Last week, I took another (more informed) shot at exploring the relationship between comorbidity and mortality among MERS cases – both during this spring’s outbreak and prior to it. I ended the post by promising further insight into two potential confounders – age & sex. We’ll start our discussion on age here today… But I present the following information with a very important caveat. Earlier this week, 113 previously unannounced cases (and 92 deaths) were added to the KSA MERS tally – but we don’t know much about them yet. Because of this, I couldn’t include these newly reported cases in the analysis below; when we learn more about them, I’ll revisit and revise as necessary. The situation is constantly changing and what we think we know now may be flipped on its head come the morning!
With this in mind, let’s now take a closer look at the age distribution of MERS cases in KSA, as well as how age interacts with comorbidity and mortality:
From these charts, a couple of general trends jump out immediately (based off of the sample represented):
1. The older a person is, the higher his/her chance of dying from MERS*.
2. Likewise, the younger a person is, the less likely he/she is to have comorbidities*.
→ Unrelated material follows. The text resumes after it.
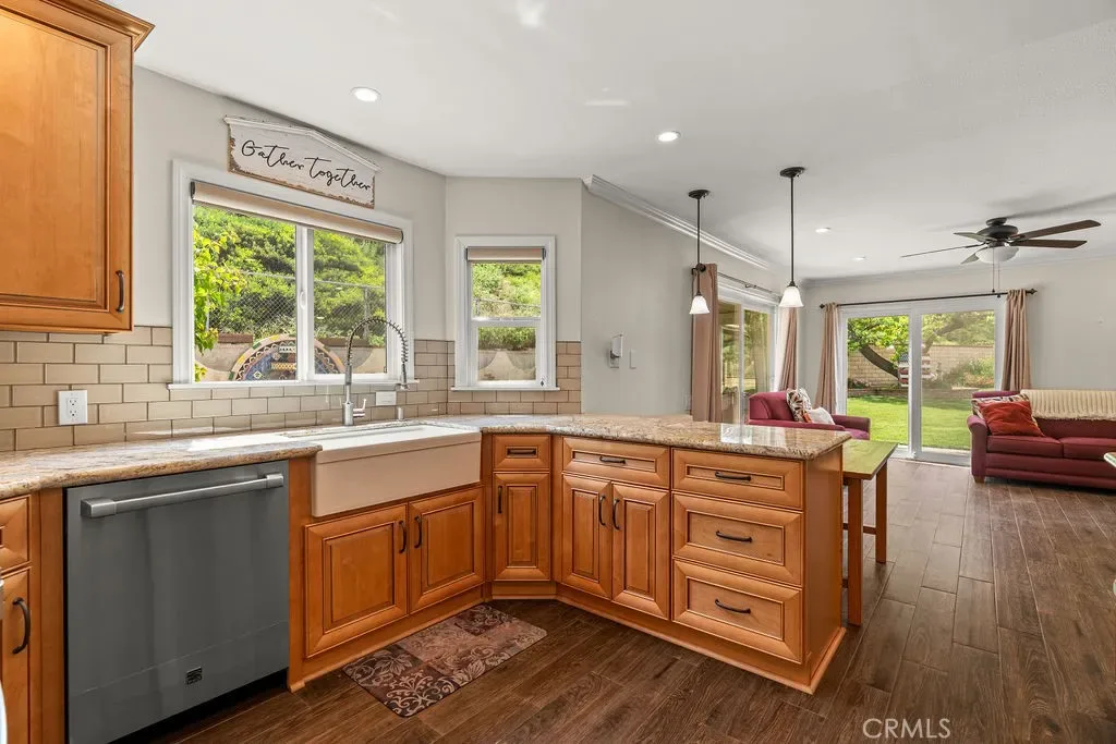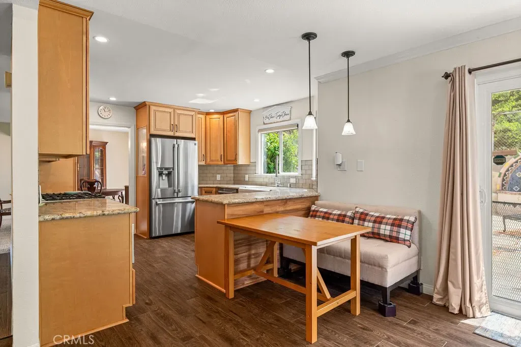 The thoughtfully updated kitchen features granite countertops, farm house sink, stainless steel appliances, upgraded cabinetry, and opens seamlessly to a view towards the backyard through the sliding doors —creating an ideal layout for both everyday living and entertaining. The main level flows effortlessly between the kitchen, dining, living, and family areas, making gatherings easy and enjoyable.
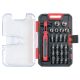 Cricchetto reversibile con soft grip da 1/4'' e portabits magnetico. Nr.6 bussole esagonali da 5 a 10mm. Inserti in acciaio cromo vanadio, nr.3 per viti con intaglio, nr.3 esagonale, nr.4 phillips, nr.3 pozidriv, nr.3 torx.

3. Youth (≤18 years old) are largely under-represented; this is especially the case for children under 5.
Observations 1 & 2 aren’t really that unusual; they make sense intuitively**. However, Observation 3 is perplexing… Children under 5 get sick often due to their still-under-developed immune systems… And because they’re constantly putting things in their eyes, ears, and mouths that they really shouldn’t be. This is particularly relevant in the context of acute respiratory infections (ARIs), which remain the leading cause of illness and death among children in this age group – worldwide… Now, given that MERS is a respiratory infection – and that nearly a third of the Saudi population is under the age of 14 and more than 10% are under the age of 5 – shouldn’t we be seeing a much larger number of cases in young children..?
Though they may not be herding camels and working in hospitals, I find it hard to believe that only 4 children under 5 have contracted MERS so far in Saudi Arabia. After all, the middle-aged and elderly individuals who have made up the bulk of reported KSA MERS cases thus far would have inevitably exposed the young people in their homes to MERS-CoV before receiving treatment… And as it stands, there exists no sound mechanistic explanation for why young children may be protected from contracting the virus^. So for the time being, the question isn’t whether or not there are more cases under 5, but rather – where are they?
…I guess we’ll just have to wait and find out^^.
*Of the 4 children under 5 that have been reported as KSA MERS cases, 2 had comorbidities; 1 of these children died, but the second death occurred in an infant who was otherwise healthy (2 deaths total). At 50% each, the fatality and comorbidity rates are quite high; however, because there are only 4 cases in this group, the impact of comorbidity on mortality in children under 5 is inconclusive.
**This said, if the age distribution today is substantially different from what it was a year ago, it would have serious implications on how the impact of comorbidity on mortality has changed over time. I’ll explore this in depth at a later date. Check back soon!
^However, because children have less developed immune systems, their immune reactions may not be as strong against MERS-CoV infection… Resulting in asymptomatic and mild cases that would likely go undetected.
^^In the past, SARS has also demonstrated an unusually low rate of detections in children. However, a well-established mechanism for why this might be the case has yet to surface in the literature. The way I see it, SARS and MERS are anomalous when compared against other ARIs in children under 5.